For the newly reported study, Guilak’s team combined these two strategies to generate a new treatment approach for rheumatoid arthritis.
Researchers at Washington University School of Medicine in St. Louis have used CRISPR-Cas9 genome editing to engineer induced pluripotent stem cells (iPSCs) that can be implanted subcutaneously to deliver an anticytokine biologic drug in response to inflammation caused by rheumatoid arthritis. When implanted into a mouse model of rheumatoid arthritis the engineered cells automatically sensed and responded to inflammatory cytokines, and produce therapeutic levels of the drug, which reduced inflammation and also prevented bone erosion.
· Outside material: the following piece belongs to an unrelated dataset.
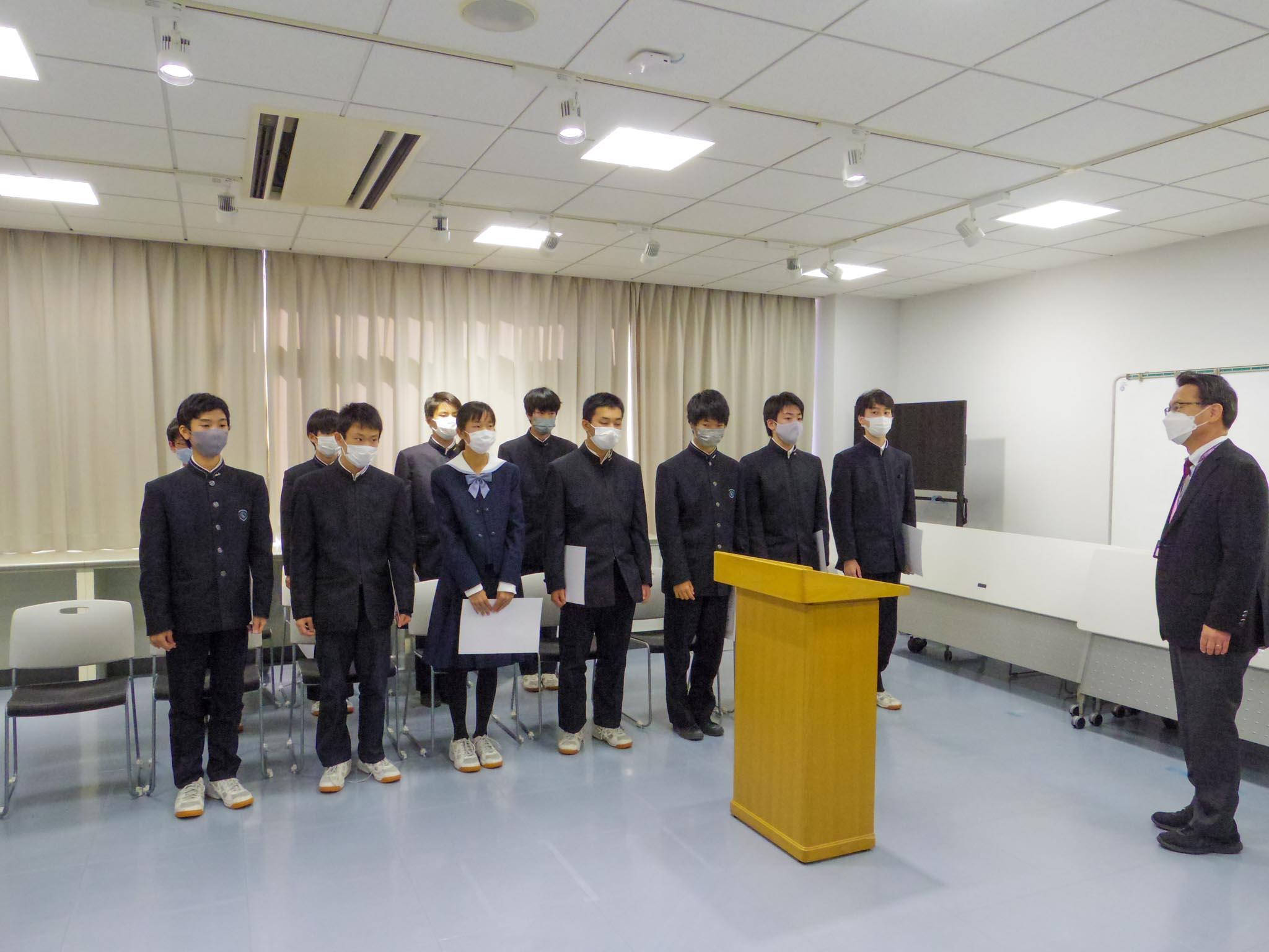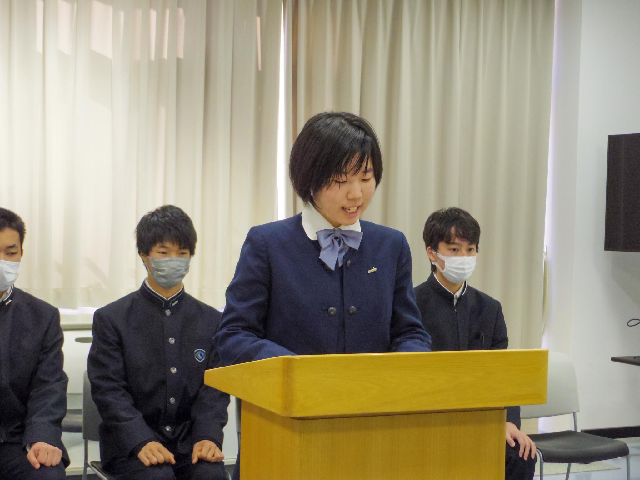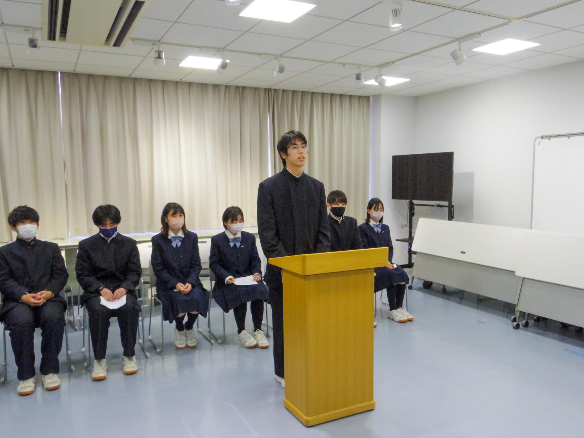 第12代生徒会長が退任挨拶を行い、執行部に在籍した4年間を振り返るとともに、生徒会の面々や教職員、全校生徒への感謝を述べました。続いて第13代生徒会長が就任挨拶で、伸び率日本一の学校を実現するために「主体性のある学校」をスローガンとし、コンテストや大会により参加しやすい環境づくりに取り組むと宣言しました。

“Doctors often treat patients who have rheumatoid arthritis with injections or infusions of anti-inflammatory biologic drugs, but those drugs can cause significant side effects when delivered long enough and at high enough doses to have beneficial effects,” said senior investigator Farshid Guilak, PhD, the Mildred B. Simon Professor of Orthopedic Surgery. “We used CRISPR technology to reprogram the genes in stem cells. Then we created a small cartilage implant by seeding the cells on woven scaffolds, and we placed them under the skin of mice. The approach allows those cells to remain in the body for a long time and secrete a drug whenever there is a flare of inflammation.”
Guilak and colleagues report on their studies in Science Advances, in a paper titled, “A genome-engineered bioartificial implant for autoregulated anticytokine drug delivery.”